_THE TASK:_ Restate the lines of the material below word for word, from the first through the one containing "近日,位于青海省海西州的大柴", and include nothing else; pictures stay out.

_LISTED ENTRIES:_

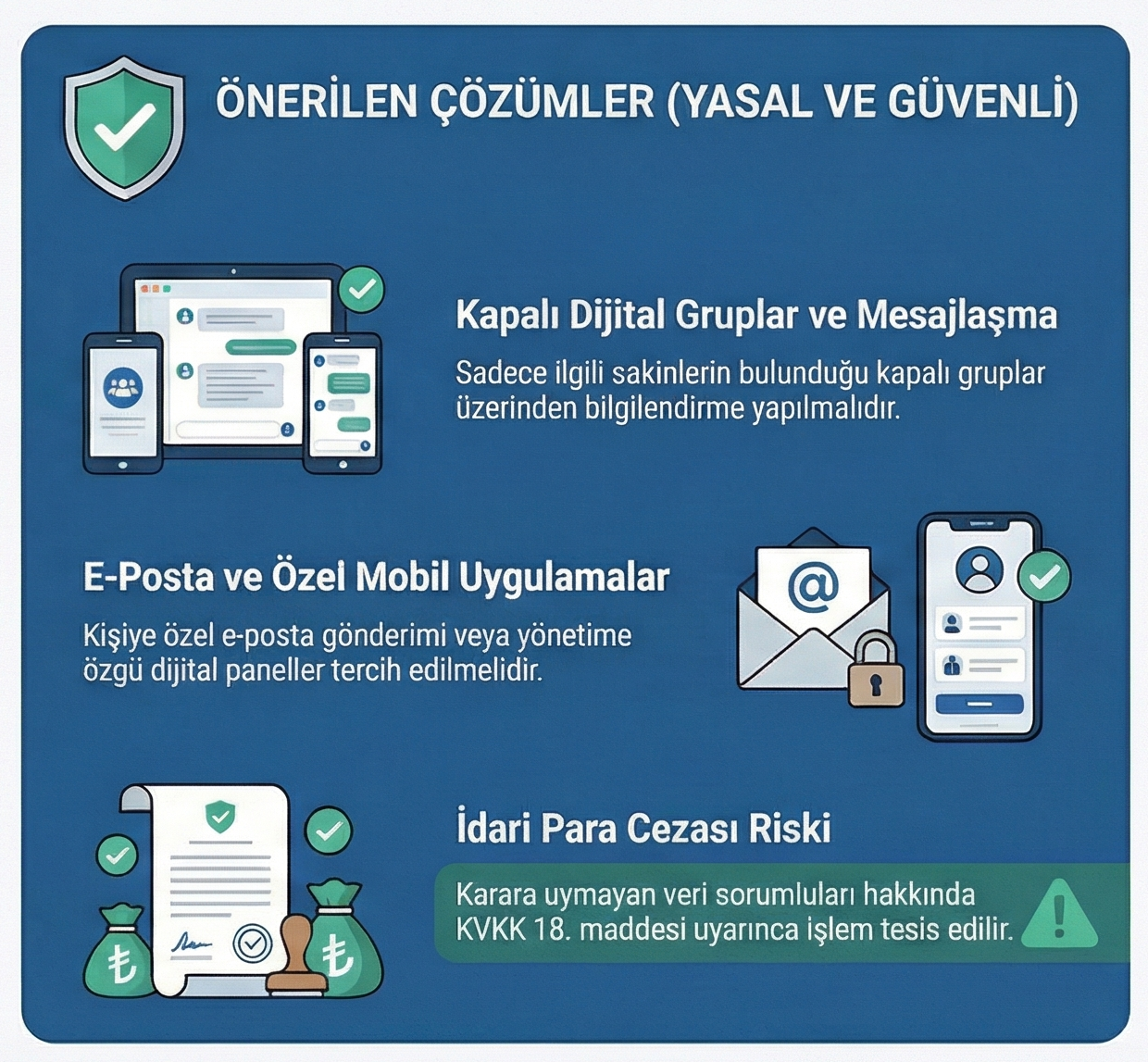 İlke kararı, 6698 sayılı Kanun uyarınca bağlayıcıdır. Kurul, kararında açıkça belirtildiği üzere, bu kurallara uyulmaması ve borç bilgilerinin ortak alanlarda ifşasının devam etmesi halinde; Veri Sorumlusu (Site/Apartman Yönetimi) hakkında Kanun'un 18. maddesi uyarınca idari para cezası uygulanacağını vurgulamıştır. Ayrıca, bu ihlallerden doğrudan zarar gören sakinlerin, yasal haklarını arama hakkı saklıdır.
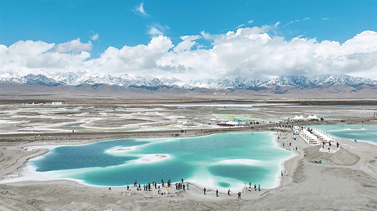 近日,位于青海省海西州的大柴旦翡翠湖,形态迥异、深浅不一的盐池湖水在阳光下清澈湛蓝,宛如一块块晶莹剔透的“翡翠”,吸引各地游客观光游览。
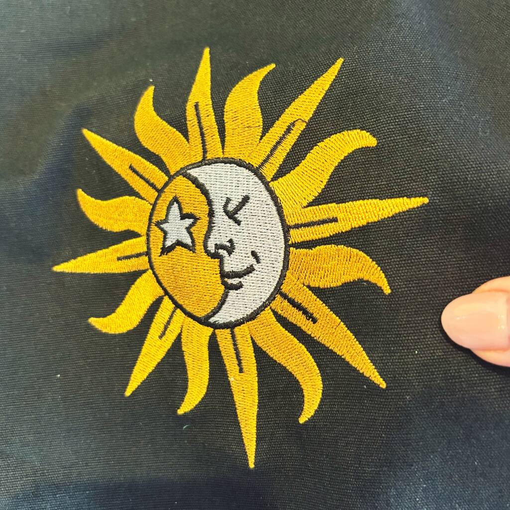 ▪️ Black tote bag – beautifully embroidered with a gold sun & silver moon, durable for everyday use. Ideal for shopping trips.
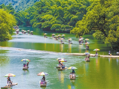 7月31日,人们在广西桂林市阳朔县遇龙河乘坐竹筏漂流(无人机照片)。
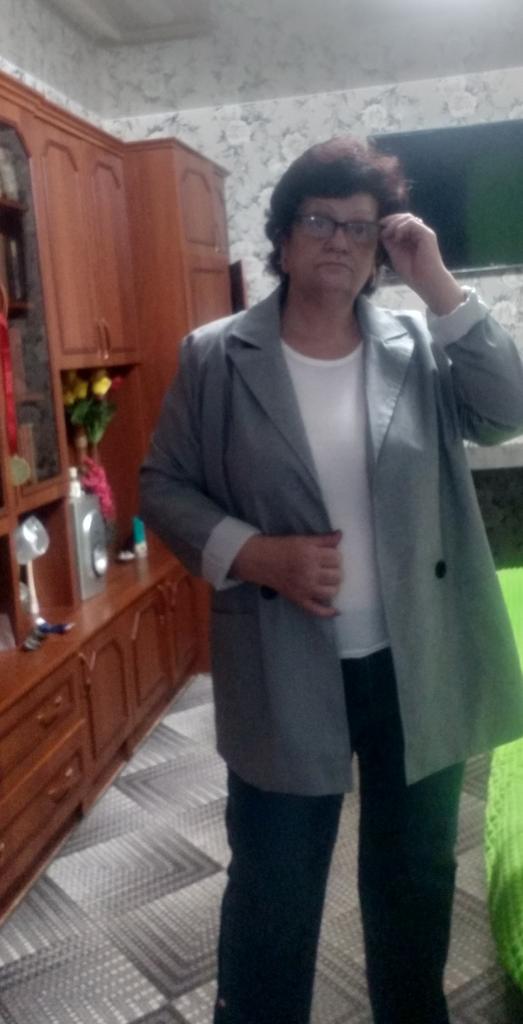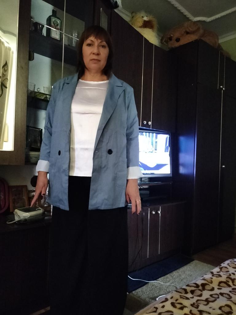 Summer light office jacket, nice if ironed, but the buttons are not sewn evenly and one is missing from the inside, but 2 loops. The color in the photo is brighter than in real life. Thank you!
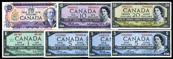 Canada, small collection of older issued notes, includes 1 Dollar, P-84a, UNC; 5 Dollars, P-77b, 2 pcs, choice VF and better; 10 Dollars, P-79b, choice AU; 20 Dollars, P-80b, VF; and 10 Dollars, P-88d, UNC.
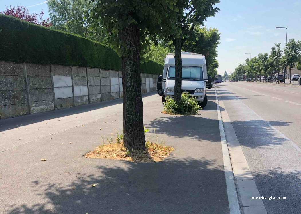 Bon parking hors zone environnementale pour visiter Reims. En vélo 2,8 km de la vieille ville. Les nuitées sont possibles, mais trop bruyantes à cause de la route principale.
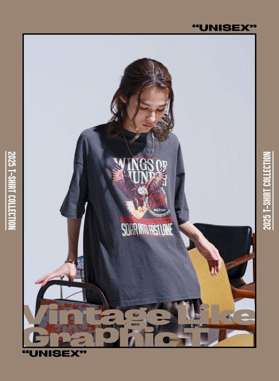 【ユニセックス着用ITEM/SMLサイズ展開】ヴィンテージライクグラフィックT(SS)
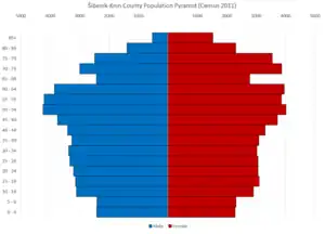 According to the 2011 census, Šibenik-Knin County has a population of 109,375.[2] Croats make up a majority with 87.39% of the population. The Serbs are the second largest ethnic group (10,53%).[6]
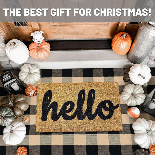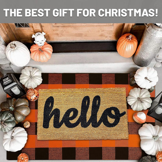 IOHOUZE Fall Buffalo Plaid Check Rug Outdoor Doormat 27.5 x 43 Inches Washable Woven Outdoor Indoor Welcome Mats for Front Door/Farmhouse/Entryway/Home Entrance Black and Orange Outdoor Rug

_COMPLETED TASK:_
 İlke kararı, 6698 sayılı Kanun uyarınca bağlayıcıdır. Kurul, kararında açıkça belirtildiği üzere, bu kurallara uyulmaması ve borç bilgilerinin ortak alanlarda ifşasının devam etmesi halinde; Veri Sorumlusu (Site/Apartman Yönetimi) hakkında Kanun'un 18. maddesi uyarınca idari para cezası uygulanacağını vurgulamıştır. Ayrıca, bu ihlallerden doğrudan zarar gören sakinlerin, yasal haklarını arama hakkı saklıdır.
 近日,位于青海省海西州的大柴旦翡翠湖,形态迥异、深浅不一的盐池湖水在阳光下清澈湛蓝,宛如一块块晶莹剔透的“翡翠”,吸引各地游客观光游览。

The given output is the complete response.